Description of the task:
Return every line of the entries that includes the word "წლის".

(Records contained in a dataset)
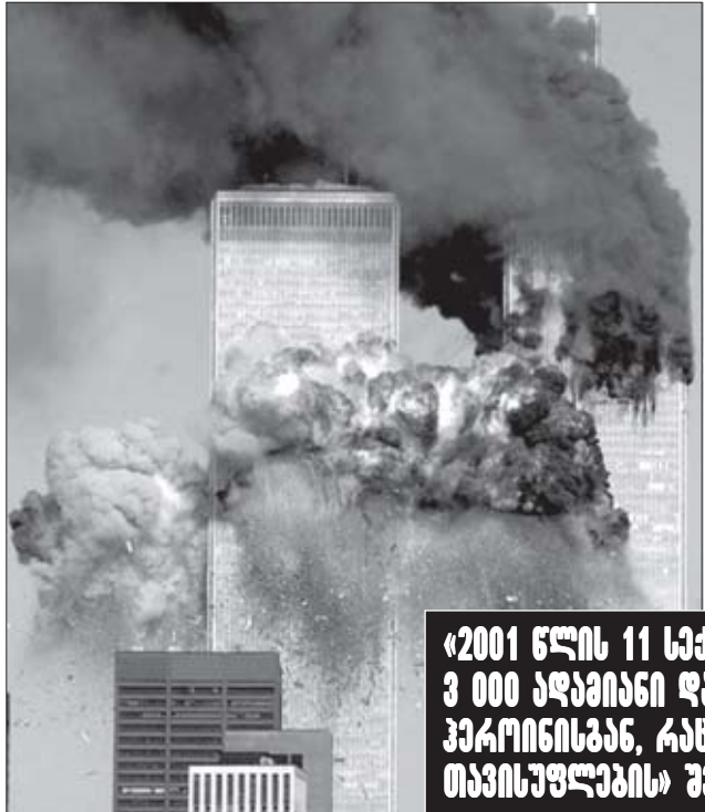
«2001 წლის 11 სექტემბრის ტერაქტის შედეგად დაახლოებით 3 000 ადამიანი დაიღუპა. ამასთან, ყოველწლიურად ავღანური ჰეროინისგან, რაც თავისთავად ოპიუმისა და ავღანური ნარკოტიკების წარმოების შედეგად თალიბების ხელი-

ვიქტორ ივანოვი: — მსოფლიო საზოგადოებამ, რომელიც 2001 წლის შემოდგომაზე ბონის კონფერენციაზე შეიკრიბა, გადაწყვიტა, რომ მართლაც საჭიროა სამხედრო ძალების გამოყენება იმისათვის, რომ განადგურებულიყო ალ-ქაიდას ბაზირების ადგილები ავღანეთში. ეს გადაწყვეტილება ყველამ მოინდონა, მათ შორის რუსეთის ფედერაციამაც.
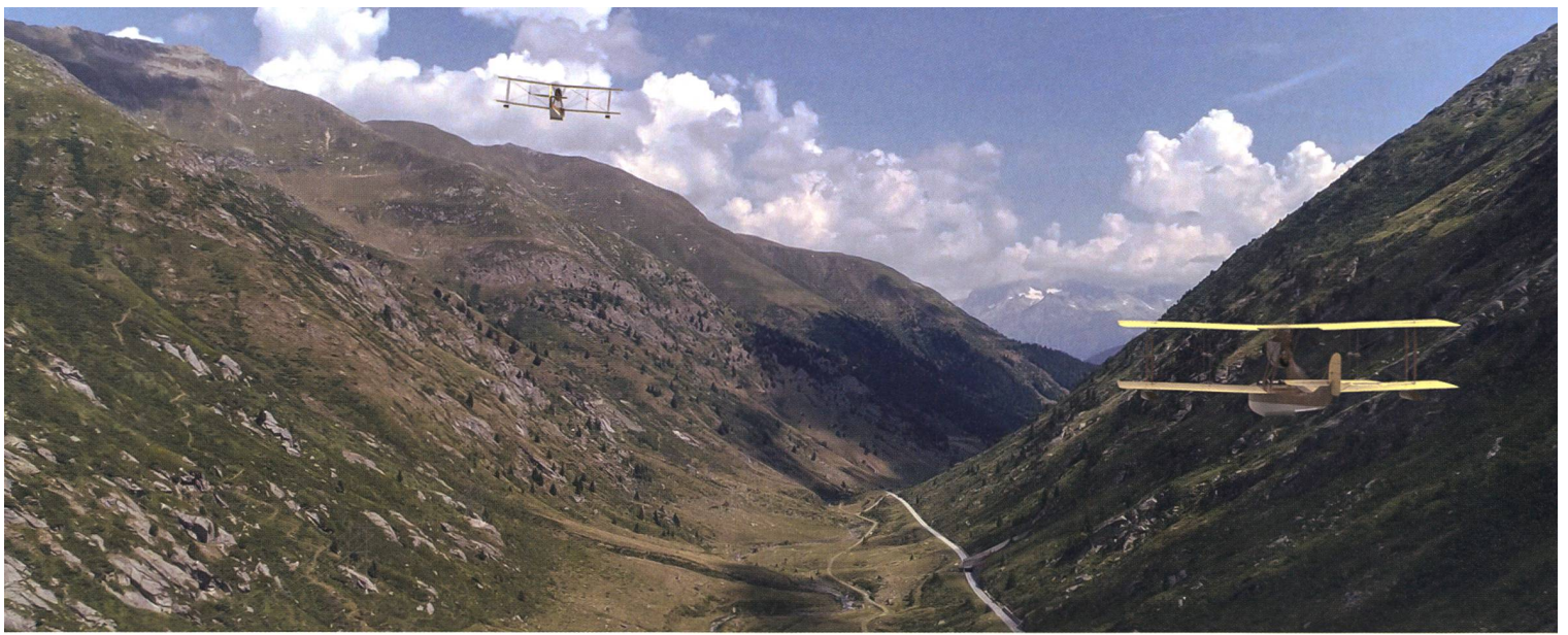
Nachgestellte Szene des Fluges über die Schweiz.
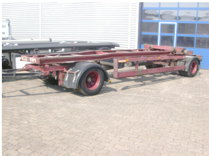
EGGERS HWT 18ZRL/1S EGGERS 2-A-Abrollanhänger, 7,5m Cont. Schlitten

Preis (brutto): 3.451,00 € Gesetzl. MwSt. 19%: 551,00 €
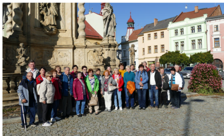
Výlet seniorů do Litovle
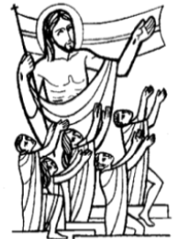
COMMEMORAZIONE DI TUTTI I FEDELI DEFUNTI

- Ore 20,00: Servizio di volontariato al dormitorio "Pallavicini" - gruppo adulti papà e mamme.
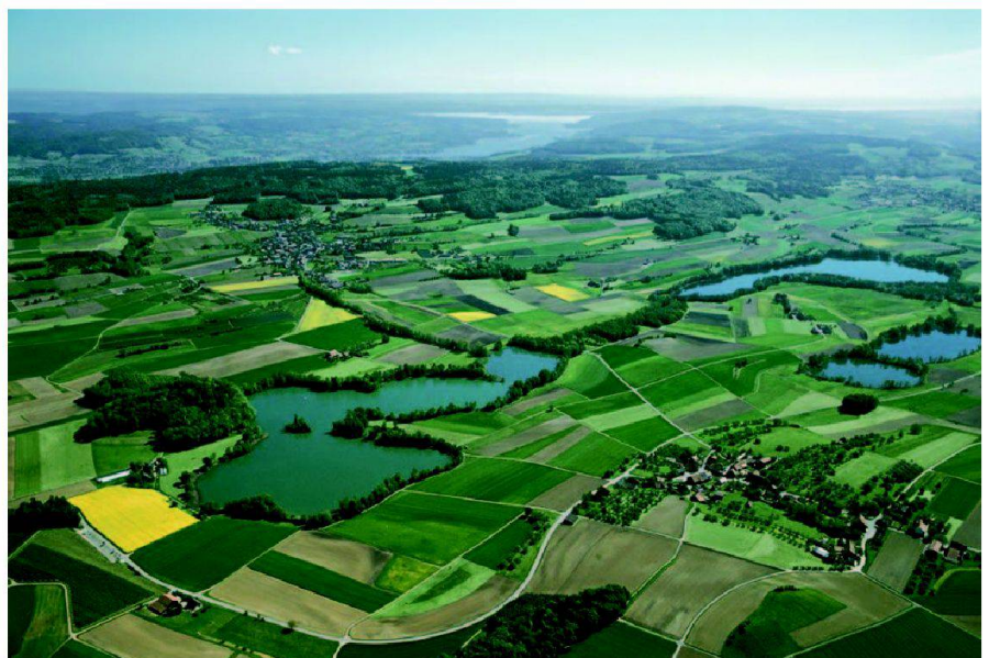
Abb. 1: Luftbild Seebachtal.

Zur ökologischen Aufwertung des Seebachtales wurden grossflächige Renaturierungen geplant. Auf Grund von Voruntersuchungen waren folgende Massnahmen vorgesehen: Schaffung von Amphibienlaichplätzen und -biotopen, Renaturierung von stiftungseigenen Parzellen, Abschürfen von humosen Böden,
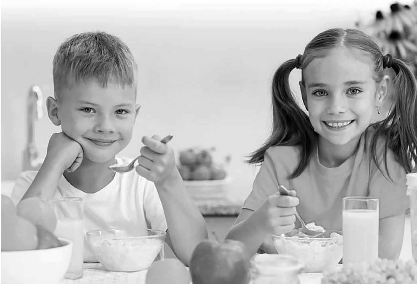
Для здоровья ребенка очень важно правильное питание

Родители, причем оба, несут ответственность за жизнь и здоровье ребенка. Как они могут повлиять на его пищевое поведение? Изменить образ жизни всей семьи.
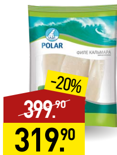
Филе кальмара POLAR 500 г
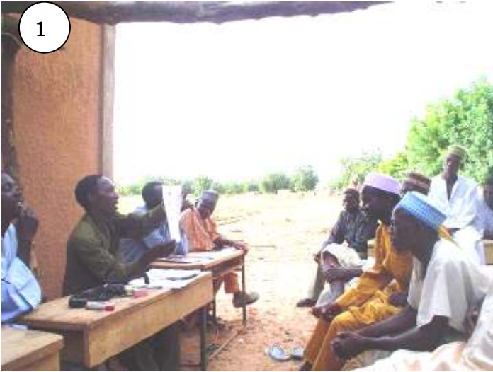
1) Sensibilisation sur l'autopromotion et Explication des attributions des membres du bureau CVD à la 1ere Assemblée générale
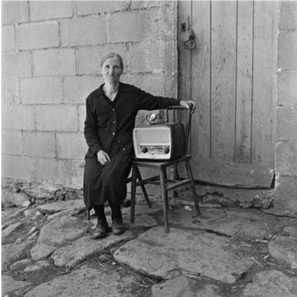
Virgilio Viéitez. Dorotea do Cará , 1962. Gelatina de bromuro de plata virado al selenio sobre papel baritado.

El "punto óptimo" a alcanzar a nivel global consistiría en un equilibrio necesario entre la calidad de vida (de la que carecen los países empobrecidos) con relación al respeto ambiental (que no abunda en los países más ricos) y la eco-dependencia.
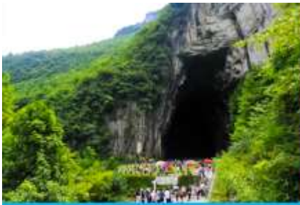
ถ้ำผญามังกร

พักที่ YICHANG HUIHAO HOTEL โรงแรมระดับ 4 ดาวหรือเทียบเท่าในเมืองหฺยิซัง
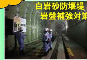
白岩砂防堰堤 岩盤補強対策
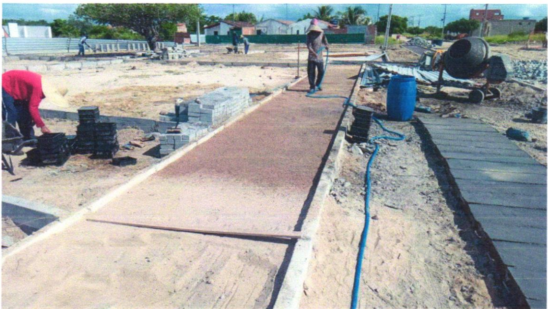
Foto 08 - REGULARIZAÇÃO E COMPACTAÇÃO DE SUBLEITO DE SOLO PREDOMINANTEMENTE ARENOSO. AF_11/2019
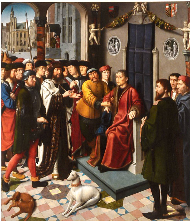
Abb. 9 Gerard David: «Das Urteil des Kambyzes», 1498.
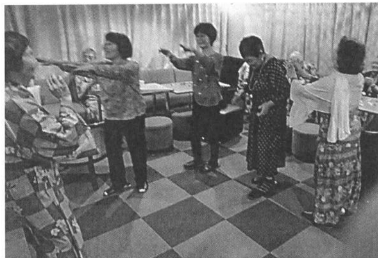
飲み放題、食べ放題の後はみんなで楽しく(カラオケ室)

横濱市の敬老バス制度(横浜市敬老特別乗車制度の見直し)が検討、審議会が始まっています。横濱市の敬老バスは2013年10月から施行され、多くの高齢者の足になり、お金の心配がなくバスを利用しています(便利なフリー
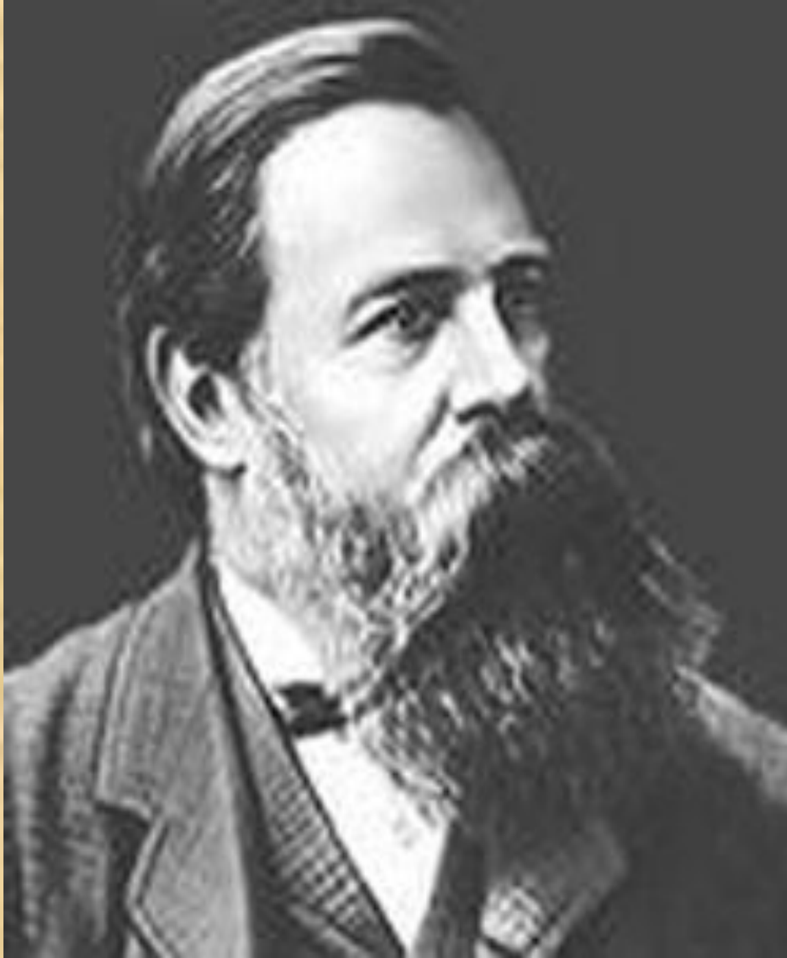
Фридрих Энгельс (1820-1895 )

Answer box:
«2001 წლის 11 სექტემბრის ტერაქტის შედეგად დაახლოებით 3 000 ადამიანი დაიღუპა. ამასთან, ყოველწლიურად ავღანური ჰეროინისგან, რაც თავისთავად ოპიუმისა და ავღანური ნარკოტიკების წარმოების შედეგად თალიბების ხელი-
ვიქტორ ივანოვი: — მსოფლიო საზოგადოებამ, რომელიც 2001 წლის შემოდგომაზე ბონის კონფერენციაზე შეიკრიბა, გადაწყვიტა, რომ მართლაც საჭიროა სამხედრო ძალების გამოყენება იმისათვის, რომ განადგურებულიყო ალ-ქაიდას ბაზირების ადგილები ავღანეთში. ეს გადაწყვეტილება ყველამ მოინდონა, მათ შორის რუსეთის ფედერაციამაც.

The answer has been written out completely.